►

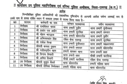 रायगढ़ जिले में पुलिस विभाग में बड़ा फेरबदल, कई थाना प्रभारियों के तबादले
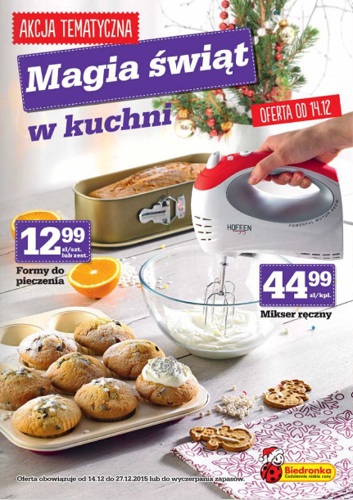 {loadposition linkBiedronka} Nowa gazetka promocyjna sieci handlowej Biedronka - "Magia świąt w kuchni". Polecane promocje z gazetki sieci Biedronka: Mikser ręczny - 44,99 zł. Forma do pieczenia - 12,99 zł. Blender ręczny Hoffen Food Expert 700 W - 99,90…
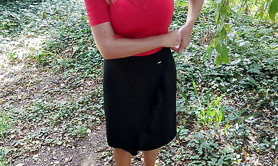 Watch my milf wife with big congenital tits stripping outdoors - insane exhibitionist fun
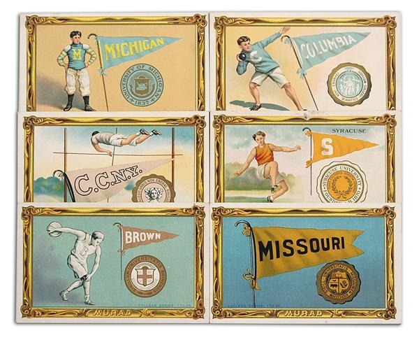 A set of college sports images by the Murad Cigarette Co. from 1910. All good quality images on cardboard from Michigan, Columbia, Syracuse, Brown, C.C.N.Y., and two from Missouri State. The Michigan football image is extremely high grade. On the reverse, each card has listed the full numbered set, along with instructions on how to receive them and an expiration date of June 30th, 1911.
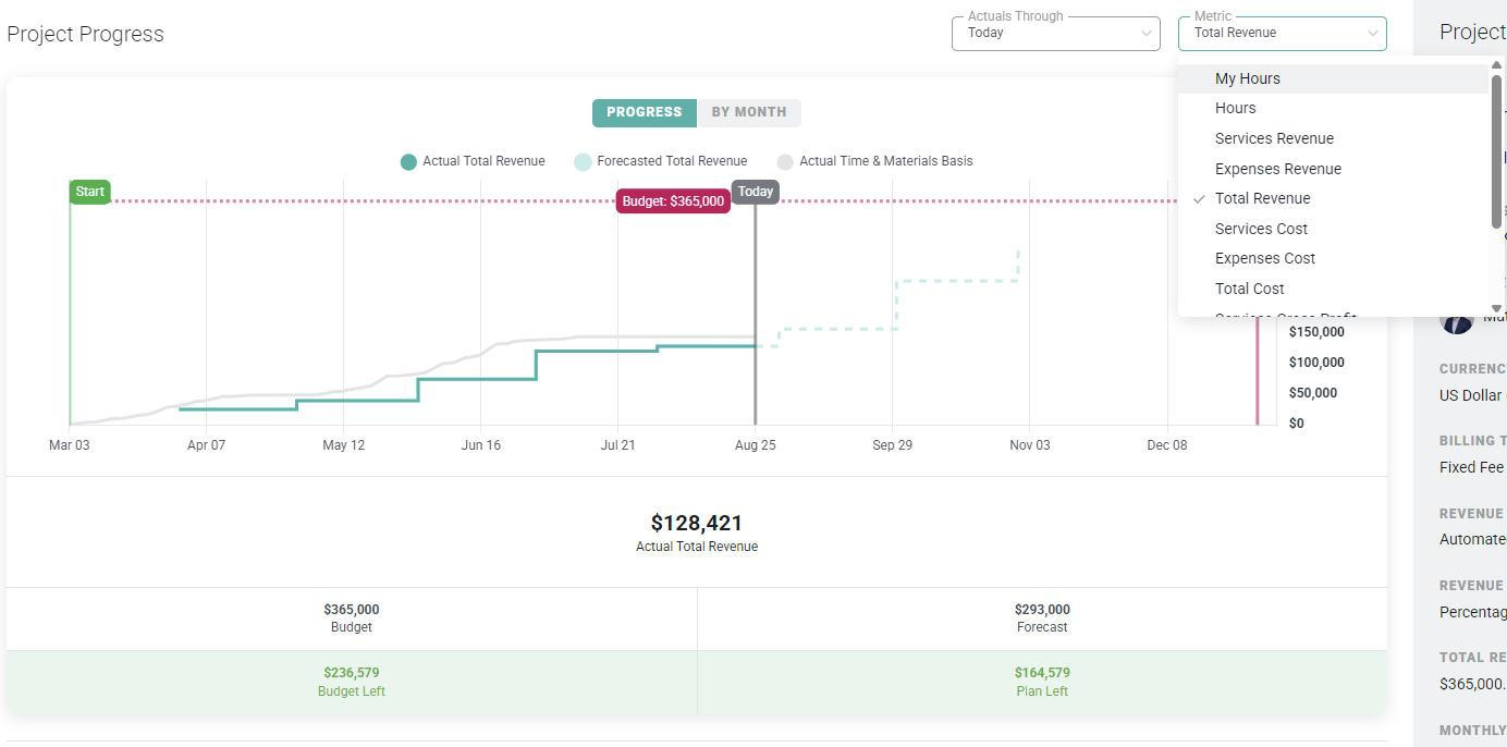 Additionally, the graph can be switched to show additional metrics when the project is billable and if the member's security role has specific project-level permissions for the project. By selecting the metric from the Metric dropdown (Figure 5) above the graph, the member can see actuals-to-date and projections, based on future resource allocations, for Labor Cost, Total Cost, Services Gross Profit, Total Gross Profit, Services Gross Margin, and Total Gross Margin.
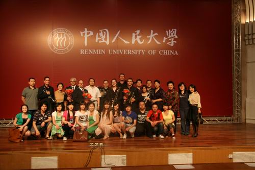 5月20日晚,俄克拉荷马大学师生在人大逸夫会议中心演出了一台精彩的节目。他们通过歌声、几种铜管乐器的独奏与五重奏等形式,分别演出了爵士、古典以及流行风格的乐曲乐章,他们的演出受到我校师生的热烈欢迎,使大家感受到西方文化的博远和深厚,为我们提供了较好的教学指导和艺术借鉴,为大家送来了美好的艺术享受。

◄

#### WHAT IS REQUIRED:
Write out each line of the data exactly; the images should be left out.

#### ANSWER:
 रायगढ़ जिले में पुलिस विभाग में बड़ा फेरबदल, कई थाना प्रभारियों के तबादले
 {loadposition linkBiedronka} Nowa gazetka promocyjna sieci handlowej Biedronka - "Magia świąt w kuchni". Polecane promocje z gazetki sieci Biedronka: Mikser ręczny - 44,99 zł. Forma do pieczenia - 12,99 zł. Blender ręczny Hoffen Food Expert 700 W - 99,90…
 Watch my milf wife with big congenital tits stripping outdoors - insane exhibitionist fun
 A set of college sports images by the Murad Cigarette Co. from 1910. All good quality images on cardboard from Michigan, Columbia, Syracuse, Brown, C.C.N.Y., and two from Missouri State. The Michigan football image is extremely high grade. On the reverse, each card has listed the full numbered set, along with instructions on how to receive them and an expiration date of June 30th, 1911.
 Additionally, the graph can be switched to show additional metrics when the project is billable and if the member's security role has specific project-level permissions for the project. By selecting the metric from the Metric dropdown (Figure 5) above the graph, the member can see actuals-to-date and projections, based on future resource allocations, for Labor Cost, Total Cost, Services Gross Profit, Total Gross Profit, Services Gross Margin, and Total Gross Margin.
 5月20日晚,俄克拉荷马大学师生在人大逸夫会议中心演出了一台精彩的节目。他们通过歌声、几种铜管乐器的独奏与五重奏等形式,分别演出了爵士、古典以及流行风格的乐曲乐章,他们的演出受到我校师生的热烈欢迎,使大家感受到西方文化的博远和深厚,为我们提供了较好的教学指导和艺术借鉴,为大家送来了美好的艺术享受。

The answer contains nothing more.